The choice of architecture

The choice of architecture

Q4.

You often speak about “choice architecture” - designing environments that make better decisions more likely. What might that look like in the context of investing?

The idea of choice architecture stems from Kurt Lewin’s insight that behaviour depends both on the person and their environment. Later, Richard Thaler and Cass Sunstein showed that people never make decisions in a vacuum: the way options are presented always shapes outcomes. In other words, every decision environment has an architecture, whether designed intentionally or not. In finance, good choice architecture helps investors make clearer, more consistent decisions. Examples include:

  • Temporal structure: Separating long-term allocation reviews from short-term liquidity decisions.
  • Information framing: Showing performance against long-term goals, not daily market noise.
  • Decision protocols: Agreeing in advance which signals merit action and which are distractions.
  • Comparison frameworks: Benchmarking against relevant peers or personal targets, not broad indices.
  • Scenario planning: Testing “what-if” outcomes in calm times to prepare for volatile ones. The aim is not to limit autonomy, but to design contexts where long-term values and short-term choices align more naturally. These principles extend to family governance and group decision-making contexts, domains we explored in our Harvard Business Review article on strategies for better group decisions.

Q5.

How can behavioural insights help investors manage information overload and avoid reacting to noise?

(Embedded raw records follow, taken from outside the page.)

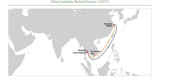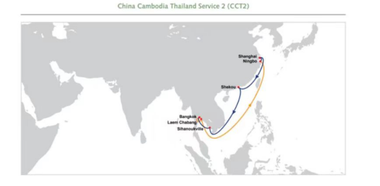 The CCT2 port rotation will be Bangkok, PAT - Laem Chabang - Ningbo – Shanghai - Shekou (China) - Sihanoukville (Cambodia) - Bangkok, PAT
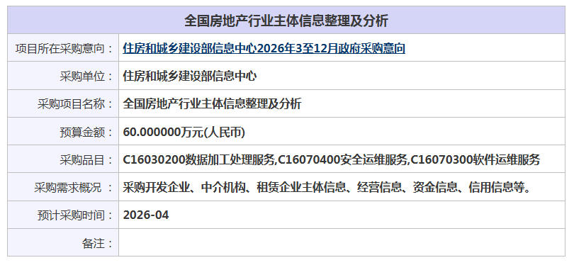 | 12 | 住房和城乡建设部信息中心 | 全国房地产行业主体信息整理及分析 | C16030200数据加工处理服务,C16070400安全运维服务,C16070300软件运维服务 | 详见项目详情 | 60.000000 | 2026年04月 | 详见项目详情 |
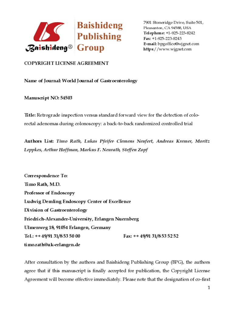 https://www.wjgnet.comCOPYRIGHT LICENSE AGREEMENTName of Journal:

Investors today face more information than ever, and much of it is distracting rather than useful. Research, including Kahneman, Sunstein and Sibony’s work on noise, shows that too much information increases variability in judgement and can reduce decision quality. Part of the challenge is our natural desire to create explanations. When markets move, we look for stories to make sense of it, even when those stories have little predictive value.

Philip Tetlock’s research on forecasting demonstrates that even experts struggle to predict outcomes reliably, despite confident narratives. Behavioural insights suggest several practical approaches.

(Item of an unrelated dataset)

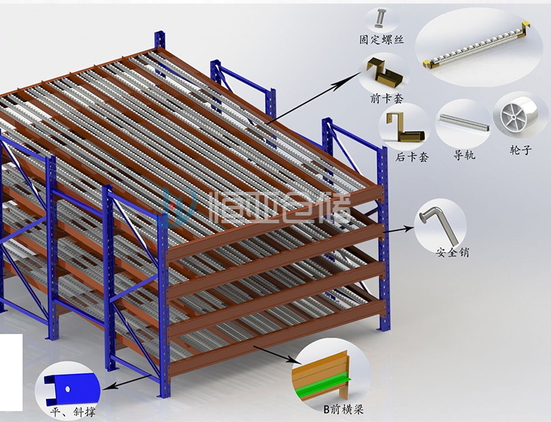 1、采用铝合金、钣金滚轮式流利条,利用货物自重实现先进先出。

First, distinguish signals from background commentary: a signal is only something that changes your underlying investment thesis or personal circumstances.

Second, reduce the frequency of portfolio monitoring; less exposure to short-term volatility helps maintain long-term discipline.

Third, use predefined decision rules so that action is triggered by clear criteria rather than emotion.

Finally, involve a trusted advisor or counterpart who can challenge assumptions and add constructive friction to the decision process. In short, the goal is not to eliminate information, but to structure how and when we engage with it so that long-term objectives remain the focus.

Q6.

How does a clear decision framework help investors maintain discipline under emotional or noisy market conditions?

The connection between frameworks and discipline is often misunderstood. Discipline is not mainly about willpower. Research on self-control shows that people who appear disciplined usually face fewer tempting decisions in the first place because they have structured their environments to support good choices. This is directly relevant for investing. A framework does not predict markets; it shapes how decisions are made. Its value lies in providing clarity and consistency amidst complexity. To be effective, it must be practical: specific enough to guide actions, yet flexible enough to adapt across conditions. For example, an investor might commit to rebalancing only when allocations move beyond a defined range, or to reviewing strategy on a set schedule rather than reacting to market movements. In this way, discipline becomes less about resisting impulses and more about designing decision processes that make long-term alignment the easier default.